Curcuma: pianta del benessere

Le caratteristiche e i benefici della curcuma

curcuma-longaLa curcuma, e nello specifico la “curcuma longa”, Curcuma longa (curcuma per antonomasia o zafferano delle indie o più raramente turmerico) è una pianta erbacea, perenne, rizomatosa della famiglia delle Zingiberacee (una delle molte specie del genere Curcuma), originaria dell’Asia sud-orientale e largamente impiegata come spezia soprattutto nella cucina indiana, medio-orientale, tailandese e di altre aree dell’Asia.

Descrizione della pianta

Curcuma longa è un’erba perenne che raggiunge un’altezza massima di circa un metro. Le foglie sono grandi, lunghe da 20 a 45 cm, con picciolo allungato.

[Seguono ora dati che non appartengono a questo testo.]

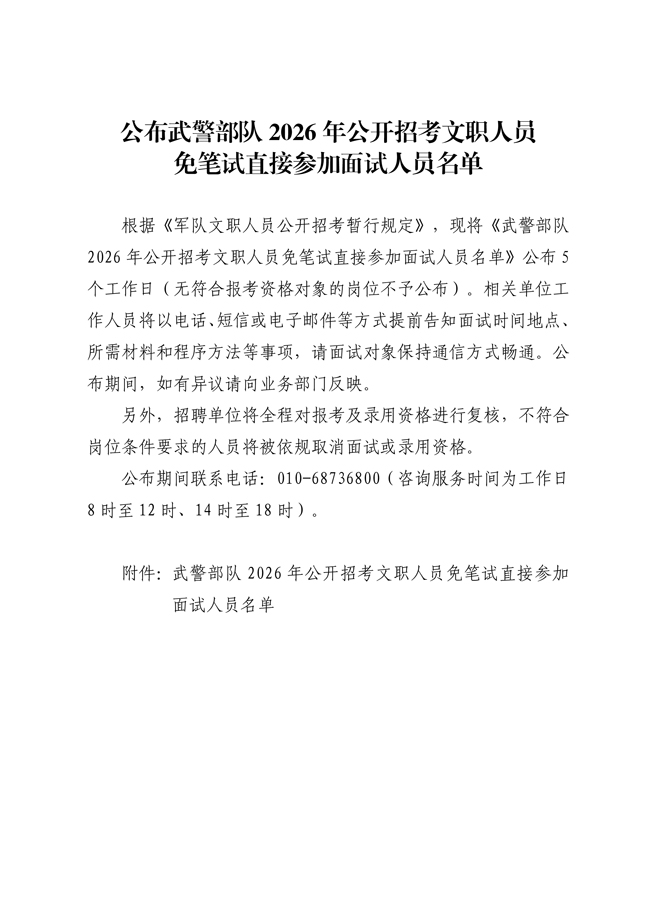 公布武警部队2026年公开招考文职人员 免笔试直接参加面试人员名单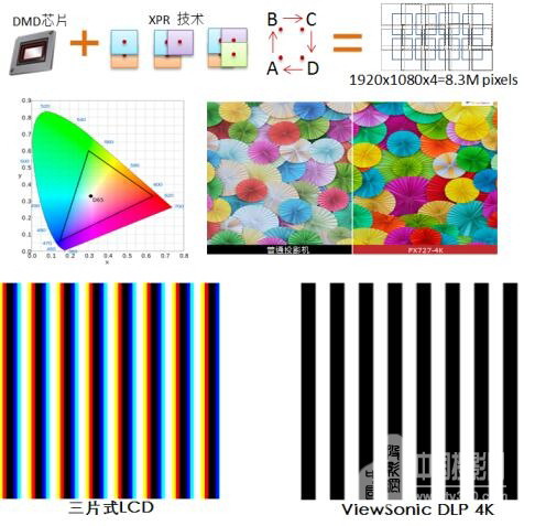 隨著4K的普及應用及家庭娛樂時代的到來,4K家庭影院投影機正成為影音用戶的優先選擇。優派PX727-4K采用TI 4K顯示芯片,符合美國消費者技術協會(CTA)對于4K超高清畫面的標準定義。4K UHD(3840X2160)分辨率可達四倍于Full HD的清晰度,XPR功能可顯示830萬像素,令畫面栩栩如生。12000:1對比度可提供更多的圖像細節,為用戶帶來4K真“視”界。此外,PX727-4K 配備2200lm亮度并支持HDR投影顯示功能,通過畫質處理引擎還原HDR信號中的亮色信息,自動調節區域間的亮度,提升畫面高亮與暗部細節表現,為用戶呈現明亮的白色及深邃的黑色,與普通HDTV的對比度及動態范圍相比,可帶來更好的亮暗對比并呈現更真實且鮮艷的投影畫面。三片式LCD投影在投射超高清影像時,由于液晶面板的光線疊加易在畫面邊緣產生疊影、溢色、損傷畫質及清晰度現象,優派PX727-4K投影機采用了獲奧斯卡獎的TI DLP DMD,可實現數字影院顯示功能,4K畫面清晰且色彩自然。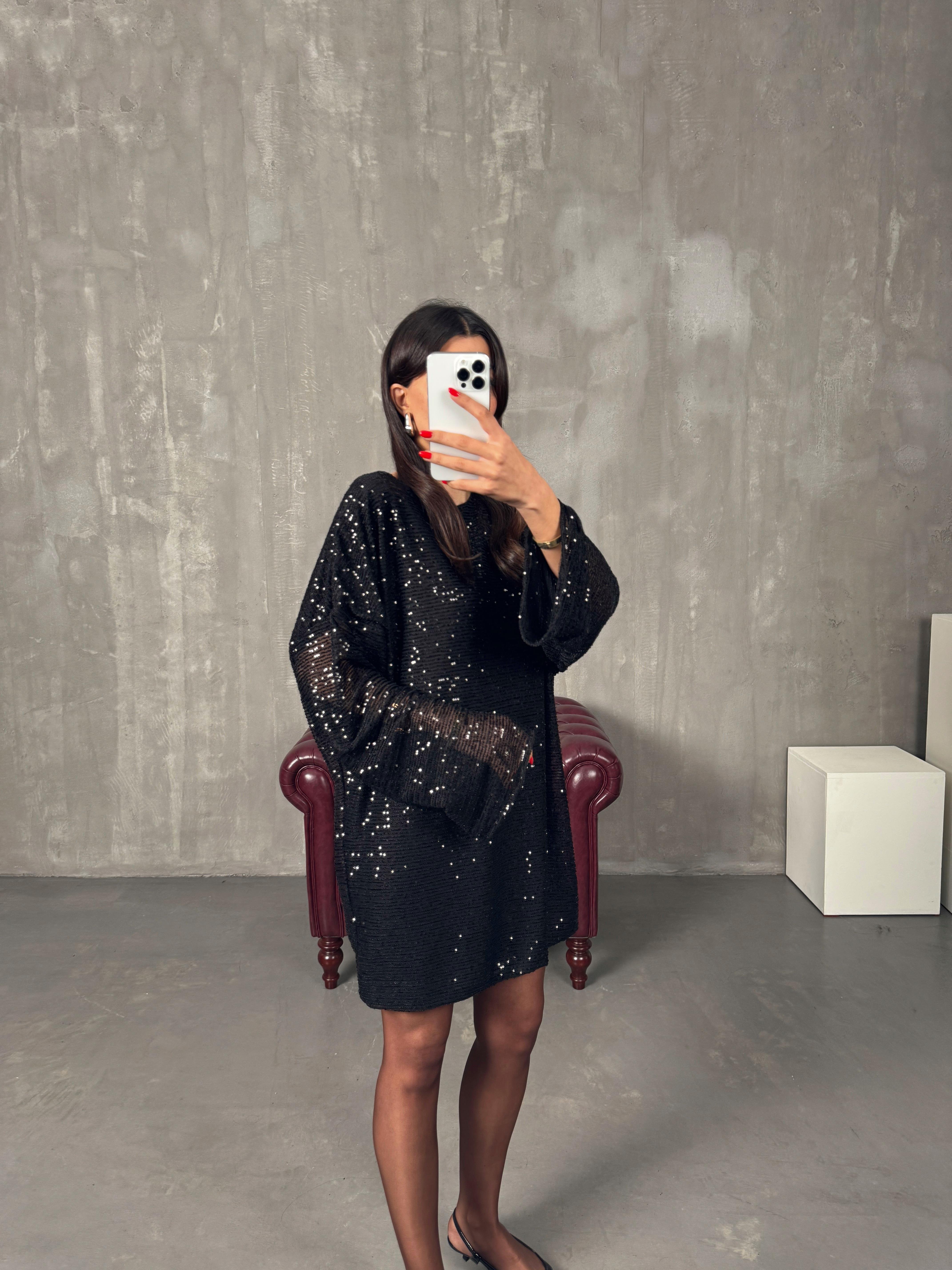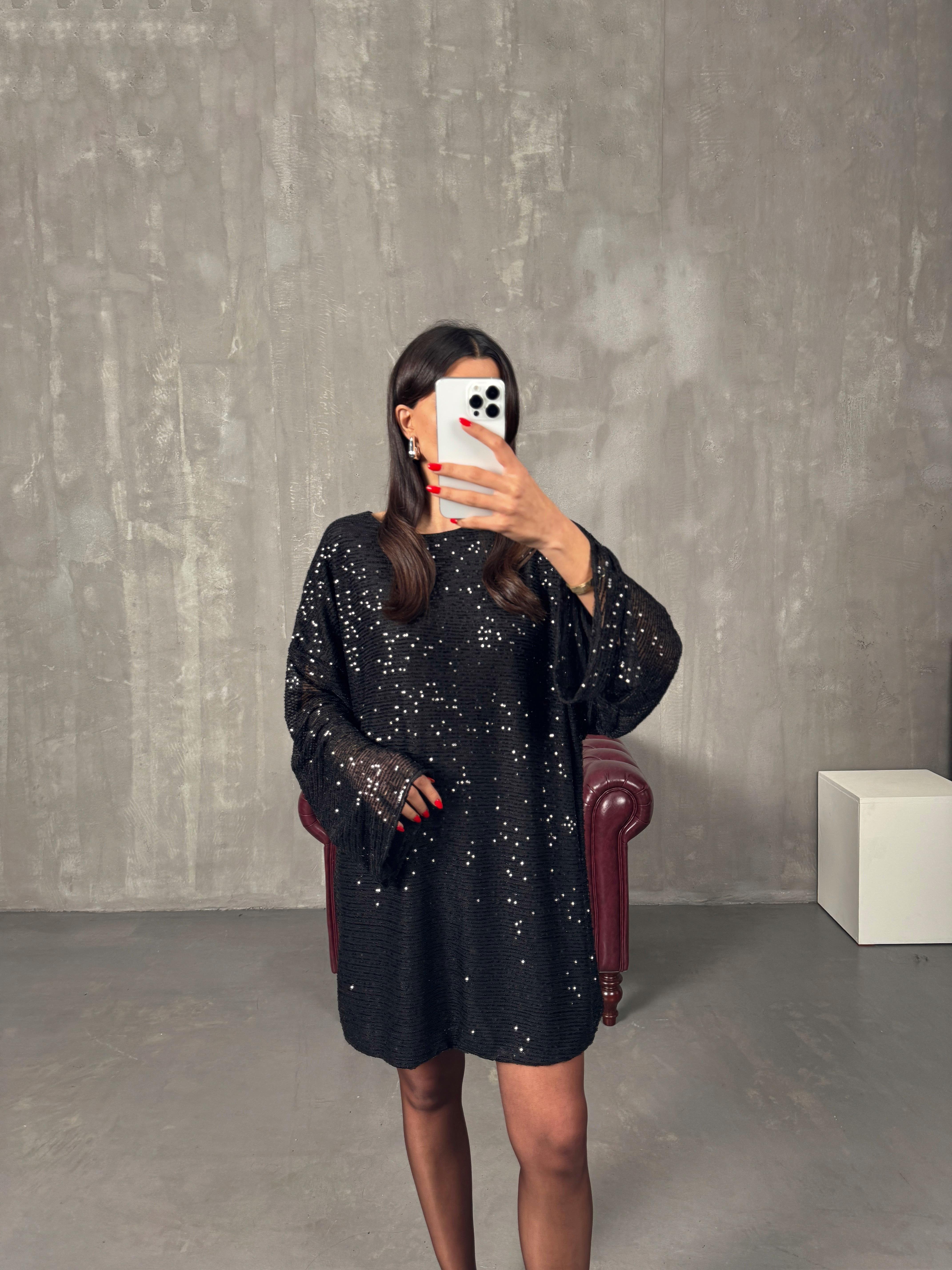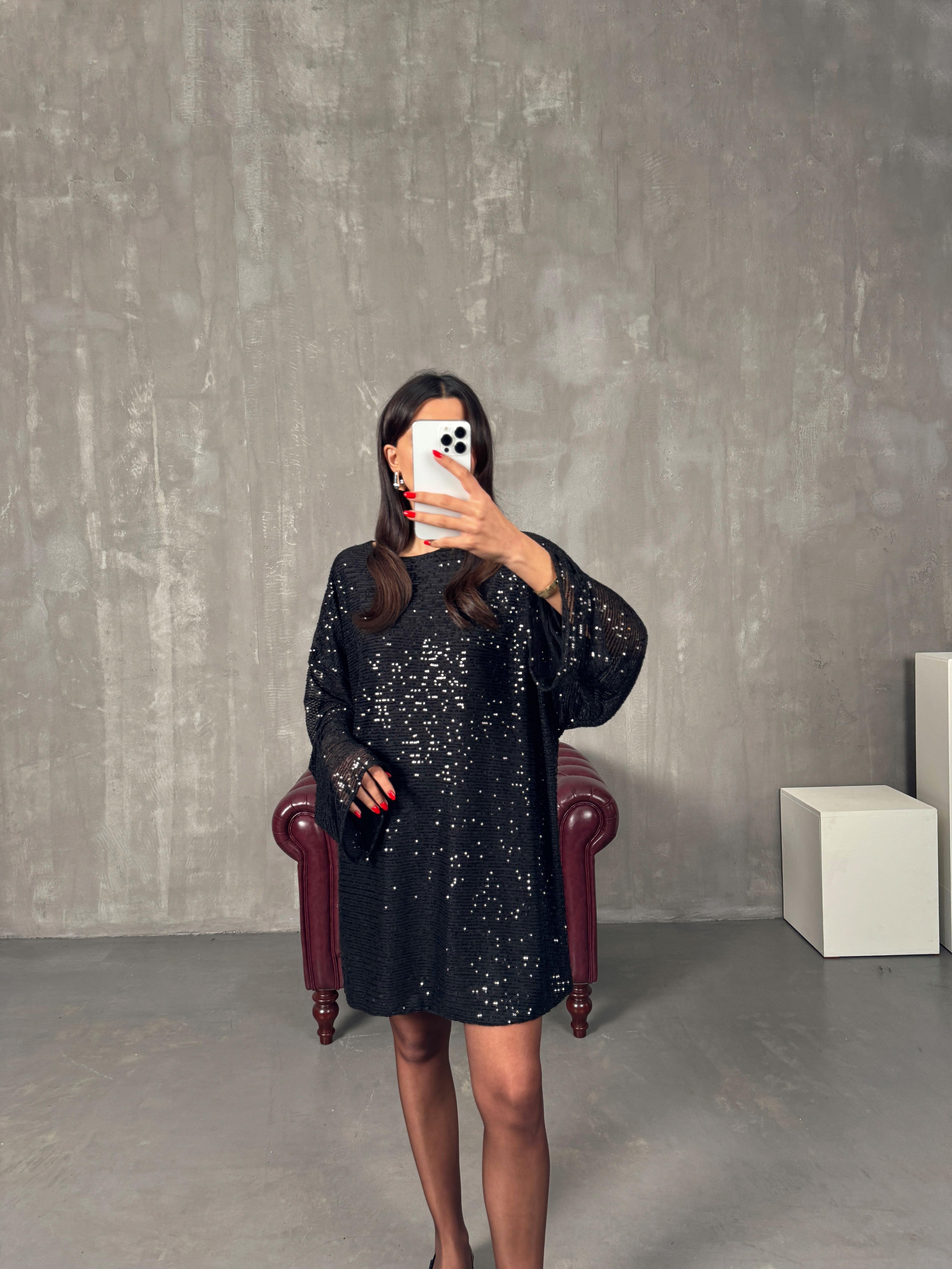 Lisso Siyah Astarlı Pullu Payet Elbise

I fiori sono raccolti in una vistosa pseudo-infiorescenza ricca di grandi brattee verdi in basso e bianche o violacee in alto. Le brattee verdi formano una serie di tasche, che ospitano grandi fiori gialli (con possibili sfumature arancioni).

La radice è un grosso rizoma cilindrico, ramificato, di colore giallo o arancione, fortemente aromatico, che costituisce la parte di maggior interesse commerciale della pianta. Come per altre piante d’interesse agricolo, sono state sviluppate con il tempo diverse varietà di questa specie.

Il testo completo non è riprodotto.